Dokument-ID: 1009077

Redaktion WEKA | News | 25.09.2018

Über den notwendigen zeitlichen Zusammenhang zwischen Unternehmensübergang und Haftungsausschluss für Verbindlichkeiten

Bei einem Unternehmensübergang gehen die Rechtsverhältnisse zum Zeitpunkt des Unternehmensübergangs auf den Erwerber über, außer es wurde zwischen den Parteien ein Haftungsausschluss für Verbindlichkeiten vereinbart.

Geschäftszahl

OGH 24. Mai 2018, 6 Ob 80/18k

Norm

§ 38 Abs 1, Abs 4 UGB

Leitsatz

Quintessenz:

Bei einem Unternehmensübergang gehen die Rechtsverhältnisse zum Zeitpunkt des Unternehmensübergangs auf den Erwerber über, außer es wurde zwischen den Parteien ein Haftungsausschluss für Verbindlichkeiten vereinbart, der aber in einem engen zeitlichen Zusammenhang mit dem Unternehmensübergang liegen muss, der von der Literatur mit vier Wochen beziffert und vom OGH als angemessen angesehen wurde.

OGH: Wenn ein Unternehmen übernommen wird, dann gehen die Rechtsverhältnisse gem § 38 Abs 1 Satz 1 UGB im Zeitpunkt des Unternehmensüberganges über, außer es wurde etwas Gegenteiliges vereinbart. Ein Ausschluss der Übernahme von Verbindlichkeiten durch den Erwerber hat nach § 38 Abs 4 UGB bereits „beim Unternehmensübergang“ zu erfolgen, wobei ein strenger Maßstab an den Zeitpunkt angesetzt wird, der in einem engen zeitlichen Zusammenhang zum Unternehmensübergang liegen muss.
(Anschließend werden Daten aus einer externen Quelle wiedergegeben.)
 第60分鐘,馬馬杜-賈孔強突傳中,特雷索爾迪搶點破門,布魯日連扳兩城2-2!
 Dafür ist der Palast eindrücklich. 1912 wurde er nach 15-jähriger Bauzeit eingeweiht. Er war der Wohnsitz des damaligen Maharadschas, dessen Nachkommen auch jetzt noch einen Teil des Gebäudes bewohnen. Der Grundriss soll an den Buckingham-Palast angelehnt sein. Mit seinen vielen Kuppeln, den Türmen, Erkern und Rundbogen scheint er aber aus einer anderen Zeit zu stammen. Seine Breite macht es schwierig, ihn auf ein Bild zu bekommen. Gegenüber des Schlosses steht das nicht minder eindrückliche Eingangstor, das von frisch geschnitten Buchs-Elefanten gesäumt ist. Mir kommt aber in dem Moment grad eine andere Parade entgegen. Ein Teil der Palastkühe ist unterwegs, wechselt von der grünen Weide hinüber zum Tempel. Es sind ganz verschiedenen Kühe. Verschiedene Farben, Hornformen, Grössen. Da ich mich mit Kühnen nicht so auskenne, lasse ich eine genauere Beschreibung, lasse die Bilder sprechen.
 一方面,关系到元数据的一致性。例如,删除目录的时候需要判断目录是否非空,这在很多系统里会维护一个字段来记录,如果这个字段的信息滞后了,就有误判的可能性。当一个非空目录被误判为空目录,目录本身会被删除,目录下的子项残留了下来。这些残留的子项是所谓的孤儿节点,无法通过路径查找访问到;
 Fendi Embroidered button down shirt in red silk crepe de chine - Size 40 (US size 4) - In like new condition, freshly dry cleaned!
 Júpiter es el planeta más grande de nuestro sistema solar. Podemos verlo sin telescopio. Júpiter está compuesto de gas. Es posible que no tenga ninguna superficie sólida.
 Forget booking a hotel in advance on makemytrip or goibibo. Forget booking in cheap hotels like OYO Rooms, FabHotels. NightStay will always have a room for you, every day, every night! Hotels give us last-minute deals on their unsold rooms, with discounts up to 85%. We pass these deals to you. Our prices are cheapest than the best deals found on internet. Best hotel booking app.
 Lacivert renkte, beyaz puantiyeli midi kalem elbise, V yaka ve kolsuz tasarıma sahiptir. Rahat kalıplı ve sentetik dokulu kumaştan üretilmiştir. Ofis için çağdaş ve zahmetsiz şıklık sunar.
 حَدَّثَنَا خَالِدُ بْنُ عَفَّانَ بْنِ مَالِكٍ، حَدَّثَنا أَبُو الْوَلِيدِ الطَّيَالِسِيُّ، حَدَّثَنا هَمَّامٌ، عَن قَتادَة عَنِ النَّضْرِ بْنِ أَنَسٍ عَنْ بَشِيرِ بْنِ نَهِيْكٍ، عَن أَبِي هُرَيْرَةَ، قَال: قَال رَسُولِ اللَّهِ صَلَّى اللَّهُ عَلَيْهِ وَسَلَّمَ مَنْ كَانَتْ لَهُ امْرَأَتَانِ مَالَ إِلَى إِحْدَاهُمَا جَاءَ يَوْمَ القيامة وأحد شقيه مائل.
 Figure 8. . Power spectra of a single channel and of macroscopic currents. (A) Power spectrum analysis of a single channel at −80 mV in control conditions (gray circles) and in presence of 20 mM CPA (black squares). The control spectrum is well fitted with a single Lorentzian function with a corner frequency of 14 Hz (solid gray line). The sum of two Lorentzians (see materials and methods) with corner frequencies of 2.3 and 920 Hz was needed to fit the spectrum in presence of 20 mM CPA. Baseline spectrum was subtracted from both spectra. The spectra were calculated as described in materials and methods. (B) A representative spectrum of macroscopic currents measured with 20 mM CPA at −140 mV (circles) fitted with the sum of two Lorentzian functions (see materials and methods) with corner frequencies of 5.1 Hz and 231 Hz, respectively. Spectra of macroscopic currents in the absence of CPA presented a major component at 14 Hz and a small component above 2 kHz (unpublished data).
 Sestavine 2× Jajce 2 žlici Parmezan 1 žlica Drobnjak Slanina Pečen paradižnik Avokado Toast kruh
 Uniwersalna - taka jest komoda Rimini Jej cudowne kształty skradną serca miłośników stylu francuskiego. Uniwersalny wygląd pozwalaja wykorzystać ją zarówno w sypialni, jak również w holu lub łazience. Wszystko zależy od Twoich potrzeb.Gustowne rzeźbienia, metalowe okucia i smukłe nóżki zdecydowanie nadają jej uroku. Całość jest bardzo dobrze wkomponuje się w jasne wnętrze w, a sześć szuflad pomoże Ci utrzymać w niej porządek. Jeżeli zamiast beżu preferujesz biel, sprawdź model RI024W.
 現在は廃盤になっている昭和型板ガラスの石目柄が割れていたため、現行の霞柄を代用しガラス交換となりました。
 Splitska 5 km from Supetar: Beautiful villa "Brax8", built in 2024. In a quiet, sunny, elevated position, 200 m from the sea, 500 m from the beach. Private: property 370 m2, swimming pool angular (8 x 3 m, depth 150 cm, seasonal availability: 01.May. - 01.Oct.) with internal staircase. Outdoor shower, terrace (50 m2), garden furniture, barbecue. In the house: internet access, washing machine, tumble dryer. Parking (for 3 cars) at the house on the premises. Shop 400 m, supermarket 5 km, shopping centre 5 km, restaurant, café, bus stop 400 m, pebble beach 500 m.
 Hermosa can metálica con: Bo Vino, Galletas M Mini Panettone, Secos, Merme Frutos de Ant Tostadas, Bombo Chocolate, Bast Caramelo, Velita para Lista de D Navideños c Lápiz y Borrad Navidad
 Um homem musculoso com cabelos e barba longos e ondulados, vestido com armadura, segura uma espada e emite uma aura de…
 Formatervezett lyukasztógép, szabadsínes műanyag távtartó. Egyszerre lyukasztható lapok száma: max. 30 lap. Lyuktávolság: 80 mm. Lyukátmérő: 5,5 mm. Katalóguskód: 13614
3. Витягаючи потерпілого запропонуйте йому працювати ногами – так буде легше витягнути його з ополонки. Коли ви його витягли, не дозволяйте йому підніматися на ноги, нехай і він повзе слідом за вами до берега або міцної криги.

Nur ein derartiger Publizitätsakt schafft einen rechtswirksamen Haftungsausschluss. Entscheidend ist dem Gesetz nach jedoch nicht die Unterfertigung des schriftlichen Vertrages, sondern der vorgesehene Erfüllungszeitpunkt. Jener benötigte enge zeitliche Zusammenhang wird von der Literatur bereits bei Ablauf eines Monats seit dem Unternehmensübergang verneint.

Im Sinne der Gesetzesmaterialien ist der Umstand maßgeblich, ob der Erwerber über das Unternehmen so verfügen kann, dass die Beziehungen zu den Vertragspartnern der veräußernden Partei zweckentsprechend eingesetzt werden können. Dafür wäre aber auch schon die Einräumung einer Verfügungsmöglichkeit vor dem dinglichen Rechtserwerb ausreichend. Von entscheidender Bedeutung ist jener Zeitpunkt, ab dem das Unternehmen im Namen des Erwerbers betrieben werden soll.

Sollten sich Einschränkungen aus dem Firmenbuch ergeben, bedeutet dies nur aufgrund der Öffentlichkeit noch nicht, dass die darin festgehaltenen Tatsachen allgemein bekannt oder gerichtskundig sind. Gerichtskundigkeit setzt voraus, dass dem Richter die Tatsachen bekannt sind, ohne erst in Unterlagen Einsicht nehmen zu müssen.

In casu gab es für den OGH keinen Grund, die Ansicht der Vorinstanzen, dass der zwischen dem Stichtag und dem Eintragungsbegehren vorliegende Zeitraum von sechs Wochen, als nicht mehr zeitlich naheliegend anzusehen war, als Fehlbeurteilung zu verstehen.